*WHAT YOU NEED TO DO*: In your reply, repeat every entry exactly and skip over each picture.

[Source data]

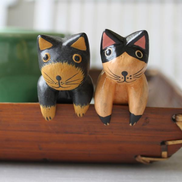 引っ掛けバリ猫(茶色・黒)2匹セット アジアン雑貨 猫置物 木彫り
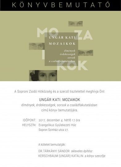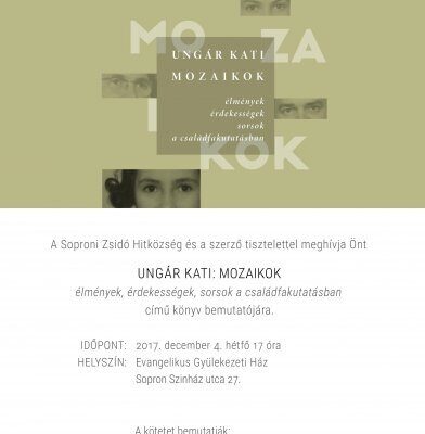 A Soproni Zsidó Hitközség és a szerző minden érdeklődőt szeretettel meghív Ungár Kati: Mozaikok, élmények, érdekességek, sorsok a családfakutatásban című könyvének bemutatójára.
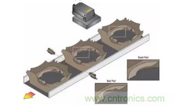 隨著過去幾年傳感技術(shù)的進(jìn)步,用戶現(xiàn)在能夠?qū)⒕哂谐杀拘б娴臏y量功能集成到他們的工藝中,分辨率高達(dá)0.0001英寸。在下一個(gè)制造步驟之前,可以自動(dòng)檢查零件的關(guān)鍵屬性。在圖示中,激光傳感器檢查在夾具中旋轉(zhuǎn)的鑄造輪,以確保在加工之前沒有空隙或過多的跳動(dòng)。
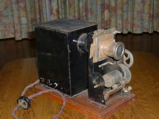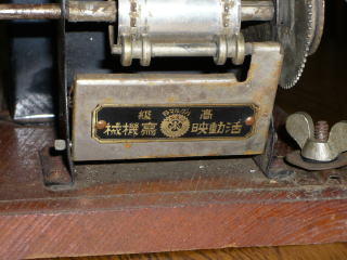 正面を見ると、プレートを発見! 「高級ハグルマ印 活動映写機械」と 書いてあります 高級です♪ |
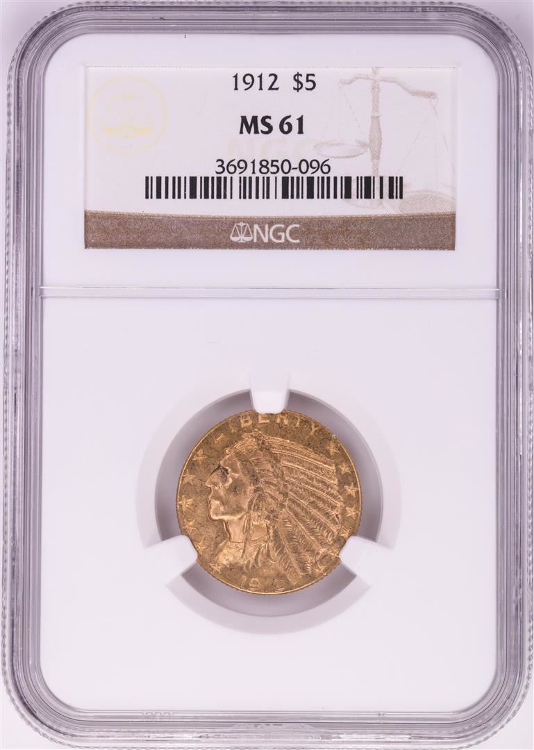 One 1912 $5 Indian Head Half Eagle Gold Coin NGC MS61. NGC Certified.
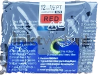 De kleur van dit lettertape is zwart op rood. De tape is glazen gelamineerd.
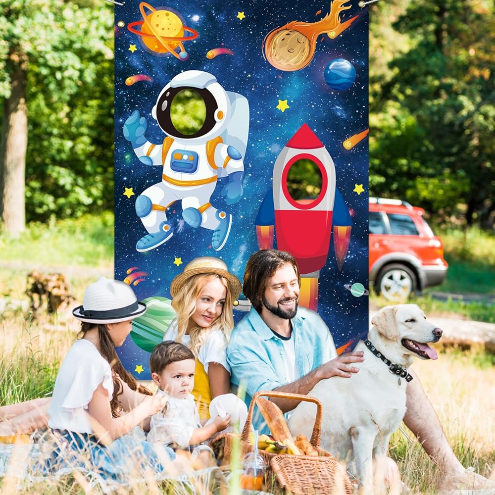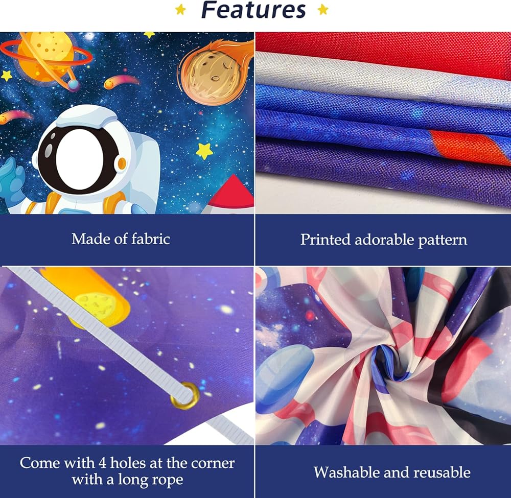 Versatile use - The kids' astronaut party game supplies serve as a backdrop for party decorations, photo booth props, and game supplies to entertain kids indoors and outdoors. Suitable for various occasions, such as outer space themed event, universe planet theme door decoration, solar system birthday party photography photo props, and more
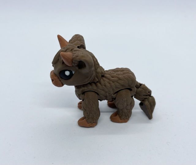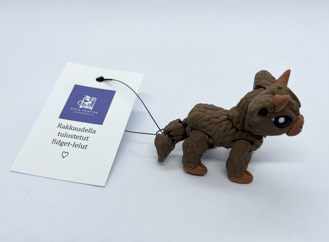 3D-tulostettu nivelletty lehmä fidget-leluksi. Värisävyt voivat poiketa kuvista. Valmistettu PLA-muovista.
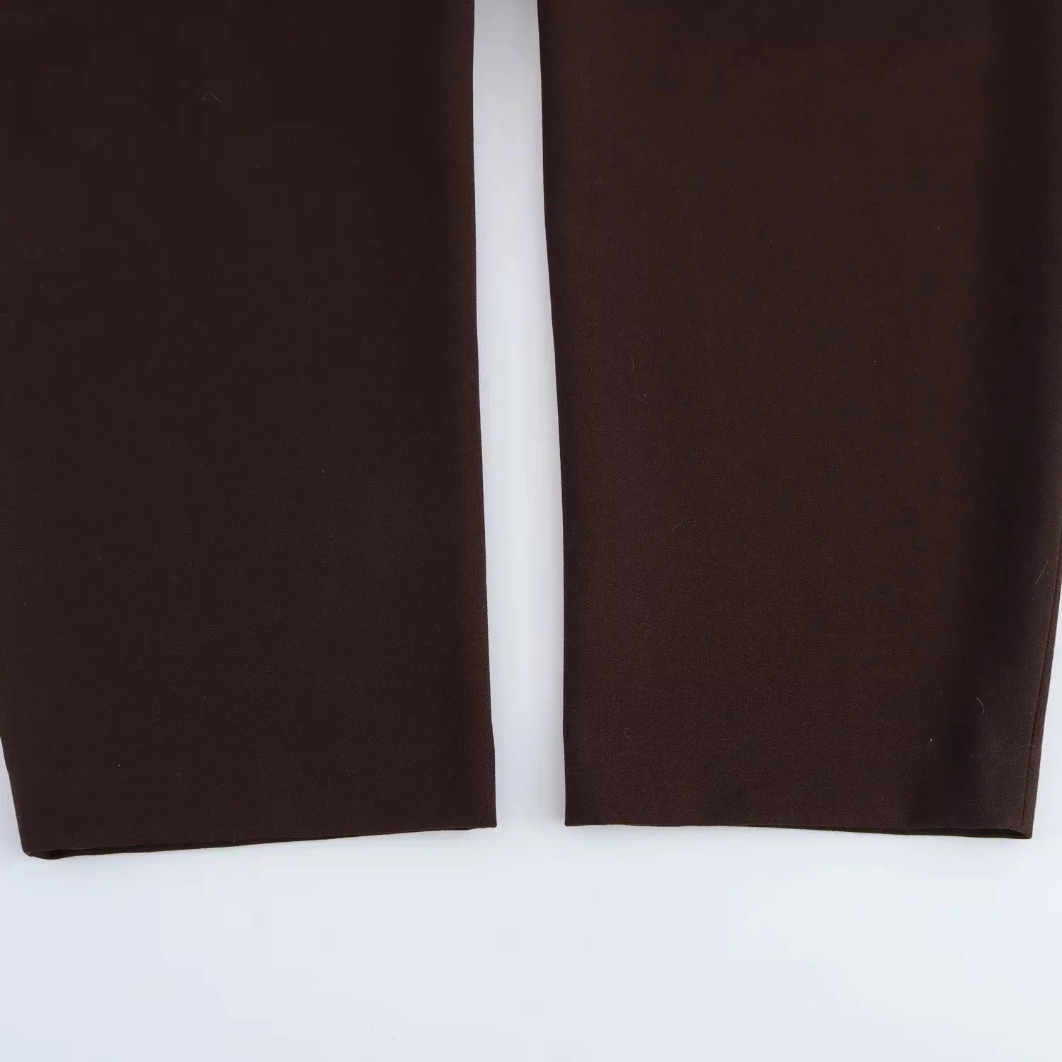 KONDALA 2025 Fall Winter Brown Elegant Office Lady Suits Fashion Shrug Pockets Blazers Elegant Zipper Skirts Chic Baggy Pants
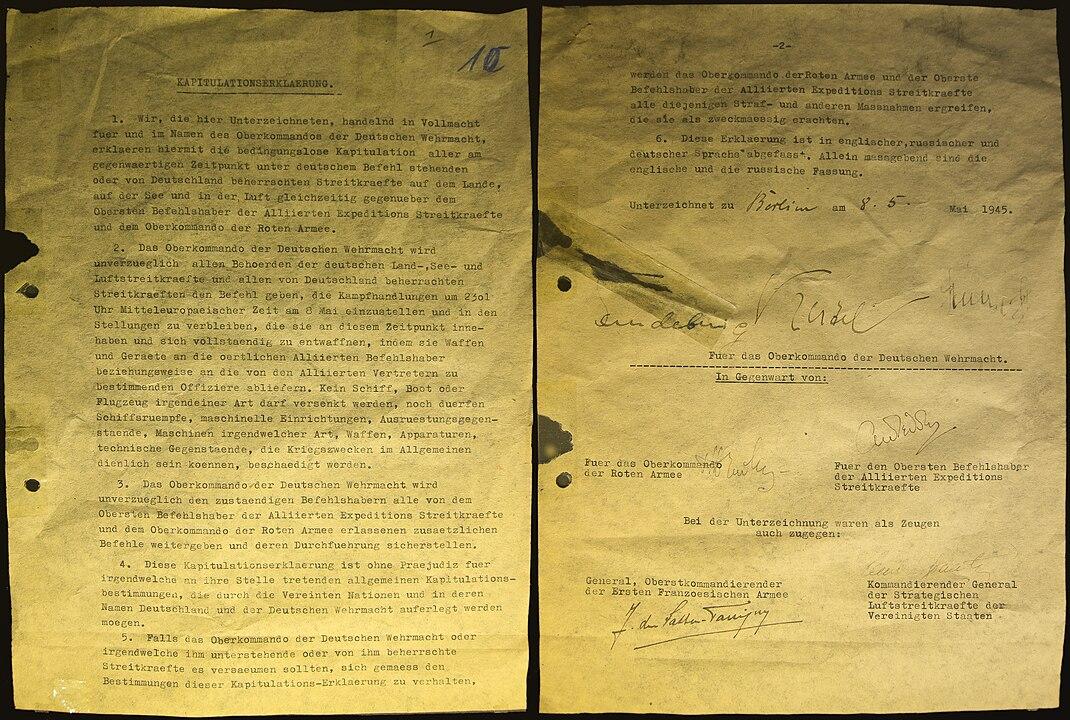 Kapitulationserklärung der Deutschen Wehrmacht vom 8. Mai 1945 (Deutsch-Russisches Museum Berlin-Karlshorst). Neptuul - Eigenes Werk CC BY-SA 4.0
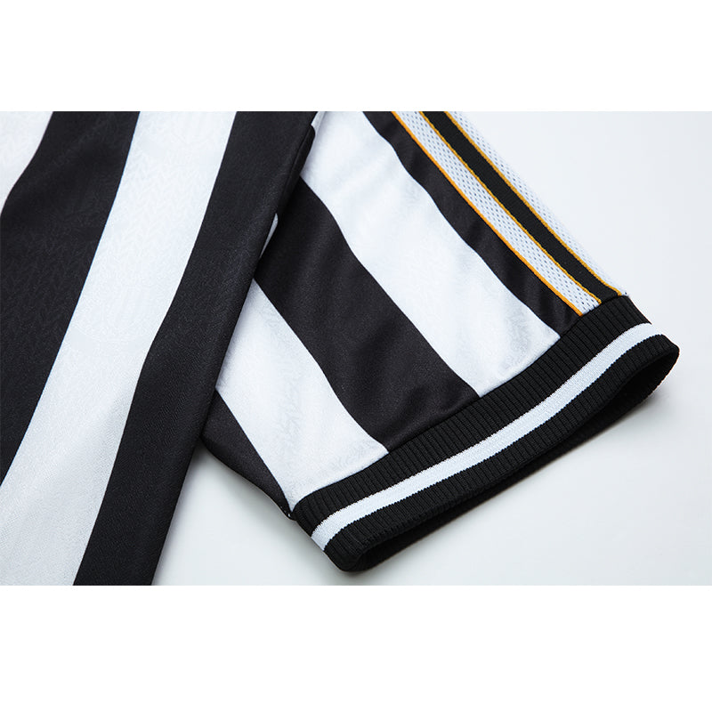 Celebrate the late '90s era of Newcastle United with the 1997-1999 Home Jersey. This iconic jersey features the traditional black and white stripes, capturing the spirit and heritage of the club. Crafted from high-quality, breathable fabric, it offers both comfort and durability. Complete with the classic club crest and sponsor logo, this jersey is a must-have for any dedicated fan or collector, embodying the essence of Newcastle United during this memorable period.

*RESPONSE AREA*:
 引っ掛けバリ猫(茶色・黒)2匹セット アジアン雑貨 猫置物 木彫り
 A Soproni Zsidó Hitközség és a szerző minden érdeklődőt szeretettel meghív Ungár Kati: Mozaikok, élmények, érdekességek, sorsok a családfakutatásban című könyvének bemutatójára.
 隨著過去幾年傳感技術(shù)的進(jìn)步,用戶現(xiàn)在能夠?qū)⒕哂谐杀拘б娴臏y量功能集成到他們的工藝中,分辨率高達(dá)0.0001英寸。在下一個(gè)制造步驟之前,可以自動(dòng)檢查零件的關(guān)鍵屬性。在圖示中,激光傳感器檢查在夾具中旋轉(zhuǎn)的鑄造輪,以確保在加工之前沒有空隙或過多的跳動(dòng)。
 正面を見ると、プレートを発見! 「高級ハグルマ印 活動映写機械」と 書いてあります 高級です♪ |
 One 1912 $5 Indian Head Half Eagle Gold Coin NGC MS61. NGC Certified.
 De kleur van dit lettertape is zwart op rood. De tape is glazen gelamineerd.
 Versatile use - The kids' astronaut party game supplies serve as a backdrop for party decorations, photo booth props, and game supplies to entertain kids indoors and outdoors. Suitable for various occasions, such as outer space themed event, universe planet theme door decoration, solar system birthday party photography photo props, and more
 3D-tulostettu nivelletty lehmä fidget-leluksi. Värisävyt voivat poiketa kuvista. Valmistettu PLA-muovista.
 KONDALA 2025 Fall Winter Brown Elegant Office Lady Suits Fashion Shrug Pockets Blazers Elegant Zipper Skirts Chic Baggy Pants
 Kapitulationserklärung der Deutschen Wehrmacht vom 8. Mai 1945 (Deutsch-Russisches Museum Berlin-Karlshorst). Neptuul - Eigenes Werk CC BY-SA 4.0
 Celebrate the late '90s era of Newcastle United with the 1997-1999 Home Jersey. This iconic jersey features the traditional black and white stripes, capturing the spirit and heritage of the club. Crafted from high-quality, breathable fabric, it offers both comfort and durability. Complete with the classic club crest and sponsor logo, this jersey is a must-have for any dedicated fan or collector, embodying the essence of Newcastle United during this memorable period.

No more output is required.